### EXERCISE REQUIREMENTS
Write out each line below precisely, passing over the pictures.

### SOURCE DATA
╔══

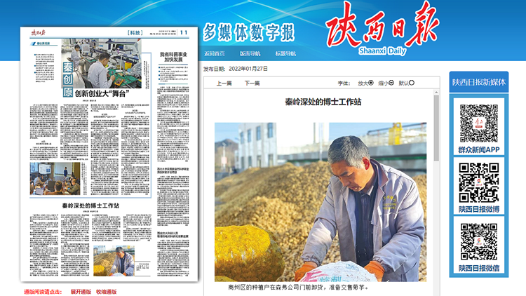 1月27日,《陕西日报》科技版以《秦岭深处的博士工作站》为题,专题报道了best365与陕西森弗天然制品有限公司开展产学研合作,建立博士工作站,助力科技成果转化,服务产业升级,带动地方发展和乡村振兴的工作成果。
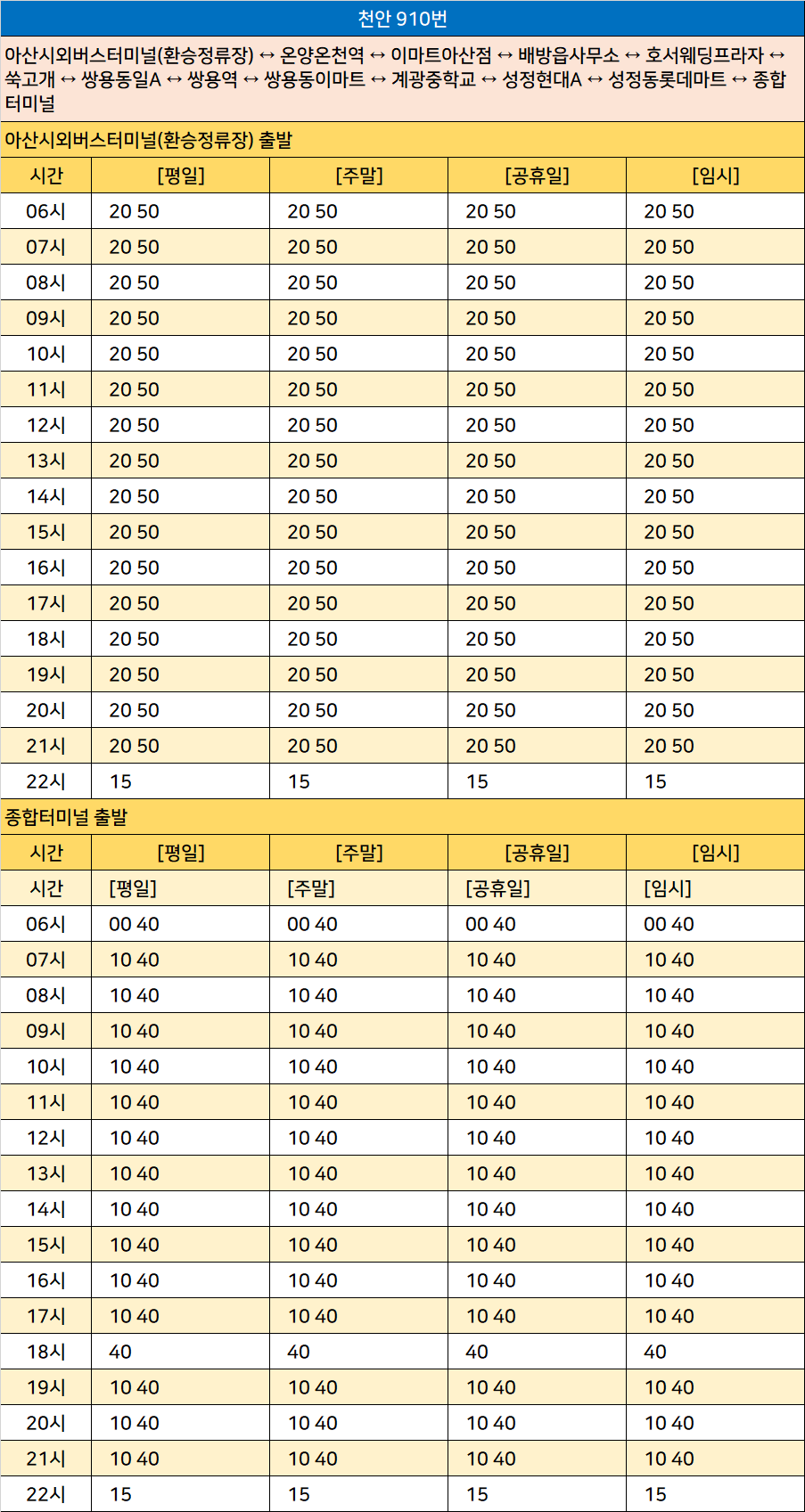 천안 910번: 아산시외버스터미널(환승정류장) ↔ 온양온천역 ↔ 이마트아산점 ↔ 배방읍사무소 ↔ 호서웨딩프라자 ↔ 쑥고개 ↔ 쌍용동일A ↔ 쌍용역 ↔ 쌍용동이마트 ↔ 계광중학교 ↔ 성정현대A ↔ 성정동롯데마트 ↔ 종합터미널
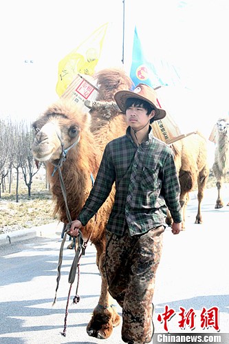11日,由内蒙古二连浩特市政府、内蒙古茶叶之路研究会等共同发起的“重走茶叶之路”驼队向河南郑州挺进。这支驼队自2013年4月起,行走湖南、湖北、河南、山西、河北、北京、内蒙古等地,途经100多座城镇,经过近一年的风餐露宿、艰苦跋涉,当日抵达河南省会郑州。离开郑州后,驼队将继续徒步北上,最后返回到内蒙古,由驼队转换成车队,载茶行走蒙古、俄罗斯、德国、法国等11个欧亚国家,到达终点法国巴黎,并应邀参加巴黎“世界茶叶大会”。
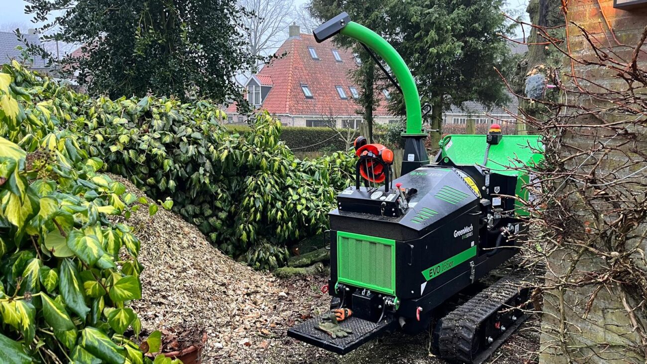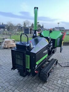Zo dicht mogelijk bij je werk met deze GreenMech rups versnipperraar. scheelt veel tijd!

╚══

### ANSWER FOR THE TASK
 1月27日,《陕西日报》科技版以《秦岭深处的博士工作站》为题,专题报道了best365与陕西森弗天然制品有限公司开展产学研合作,建立博士工作站,助力科技成果转化,服务产业升级,带动地方发展和乡村振兴的工作成果。
 천안 910번: 아산시외버스터미널(환승정류장) ↔ 온양온천역 ↔ 이마트아산점 ↔ 배방읍사무소 ↔ 호서웨딩프라자 ↔ 쑥고개 ↔ 쌍용동일A ↔ 쌍용역 ↔ 쌍용동이마트 ↔ 계광중학교 ↔ 성정현대A ↔ 성정동롯데마트 ↔ 종합터미널
11日,由内蒙古二连浩特市政府、内蒙古茶叶之路研究会等共同发起的“重走茶叶之路”驼队向河南郑州挺进。这支驼队自2013年4月起,行走湖南、湖北、河南、山西、河北、北京、内蒙古等地,途经100多座城镇,经过近一年的风餐露宿、艰苦跋涉,当日抵达河南省会郑州。离开郑州后,驼队将继续徒步北上,最后返回到内蒙古,由驼队转换成车队,载茶行走蒙古、俄罗斯、德国、法国等11个欧亚国家,到达终点法国巴黎,并应邀参加巴黎“世界茶叶大会”。
Zo dicht mogelijk bij je werk met deze GreenMech rups versnipperraar. scheelt veel tijd!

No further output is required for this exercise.